What you are asked to do >> Scan the material for the word "Desa", and copy each line where it shows up.

Available data >>
* * * *

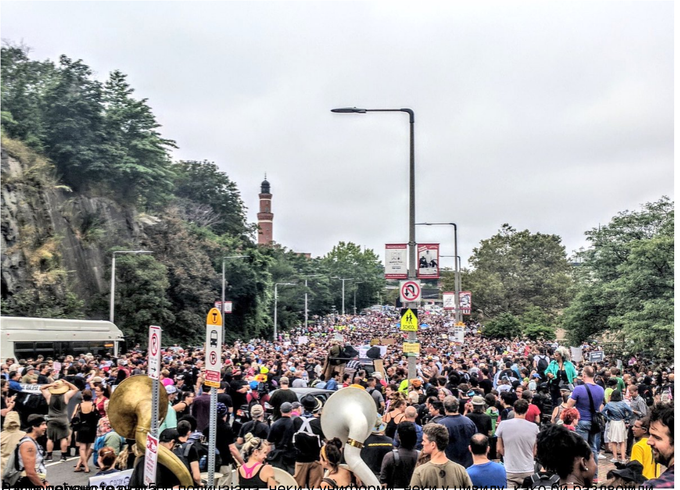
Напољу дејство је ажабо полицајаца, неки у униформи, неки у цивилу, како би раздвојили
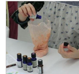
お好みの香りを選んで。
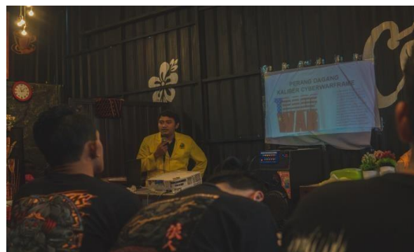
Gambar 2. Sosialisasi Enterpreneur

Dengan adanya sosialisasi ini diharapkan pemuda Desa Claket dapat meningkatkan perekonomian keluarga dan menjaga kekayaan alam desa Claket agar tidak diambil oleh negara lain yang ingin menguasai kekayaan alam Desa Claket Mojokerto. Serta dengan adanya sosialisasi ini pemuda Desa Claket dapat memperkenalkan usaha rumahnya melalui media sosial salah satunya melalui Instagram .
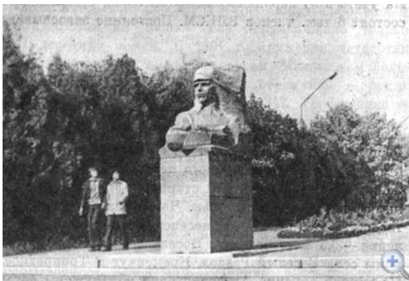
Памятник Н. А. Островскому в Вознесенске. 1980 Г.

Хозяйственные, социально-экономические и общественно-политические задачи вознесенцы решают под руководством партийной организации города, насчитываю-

* * * *

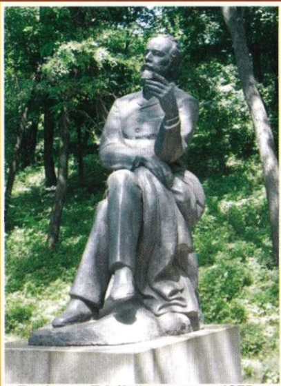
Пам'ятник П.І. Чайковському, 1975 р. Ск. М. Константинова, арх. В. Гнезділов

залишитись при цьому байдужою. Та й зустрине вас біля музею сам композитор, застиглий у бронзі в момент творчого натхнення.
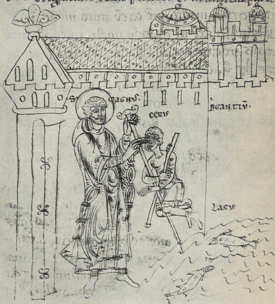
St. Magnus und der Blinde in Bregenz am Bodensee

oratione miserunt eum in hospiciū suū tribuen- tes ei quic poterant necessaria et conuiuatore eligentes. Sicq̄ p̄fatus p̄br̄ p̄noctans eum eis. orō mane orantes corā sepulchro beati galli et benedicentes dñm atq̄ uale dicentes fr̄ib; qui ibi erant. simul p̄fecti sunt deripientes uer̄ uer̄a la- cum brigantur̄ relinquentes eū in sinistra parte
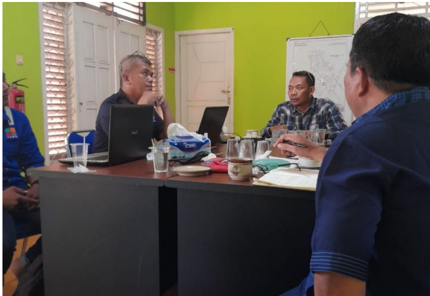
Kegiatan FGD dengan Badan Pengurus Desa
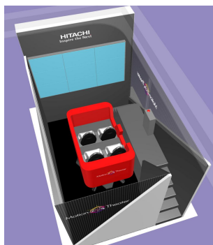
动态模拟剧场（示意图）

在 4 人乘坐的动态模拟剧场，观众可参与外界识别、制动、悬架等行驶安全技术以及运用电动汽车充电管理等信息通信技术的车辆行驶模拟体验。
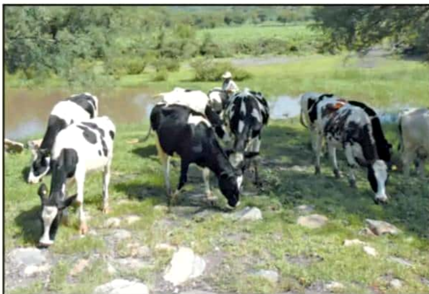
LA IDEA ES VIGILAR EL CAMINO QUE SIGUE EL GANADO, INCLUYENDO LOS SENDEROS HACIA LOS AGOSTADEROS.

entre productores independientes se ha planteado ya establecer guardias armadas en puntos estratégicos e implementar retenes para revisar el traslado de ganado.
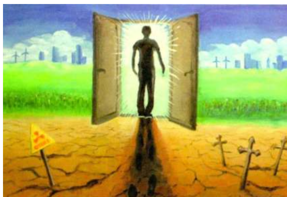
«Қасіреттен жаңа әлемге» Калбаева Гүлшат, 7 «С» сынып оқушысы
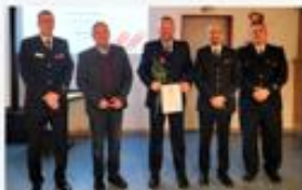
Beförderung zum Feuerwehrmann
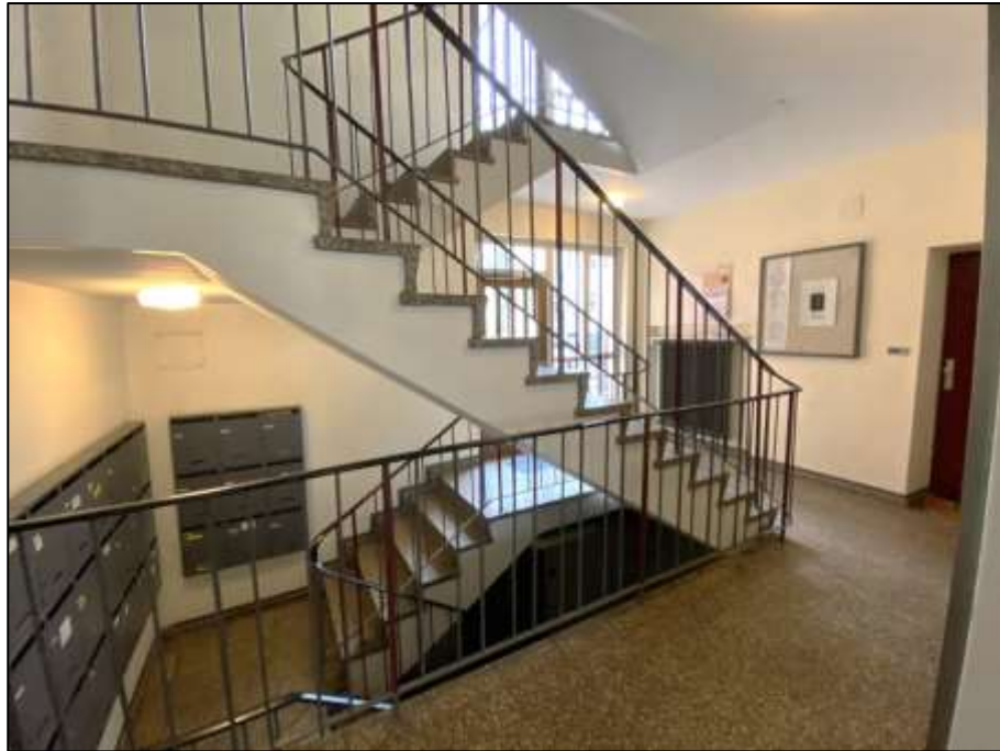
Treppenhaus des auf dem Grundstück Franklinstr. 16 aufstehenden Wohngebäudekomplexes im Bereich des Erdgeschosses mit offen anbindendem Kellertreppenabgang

* * * *

Answer box >>
Dengan adanya sosialisasi ini diharapkan pemuda Desa Claket dapat meningkatkan perekonomian keluarga dan menjaga kekayaan alam desa Claket agar tidak diambil oleh negara lain yang ingin menguasai kekayaan alam Desa Claket Mojokerto. Serta dengan adanya sosialisasi ini pemuda Desa Claket dapat memperkenalkan usaha rumahnya melalui media sosial salah satunya melalui Instagram .
Kegiatan FGD dengan Badan Pengurus Desa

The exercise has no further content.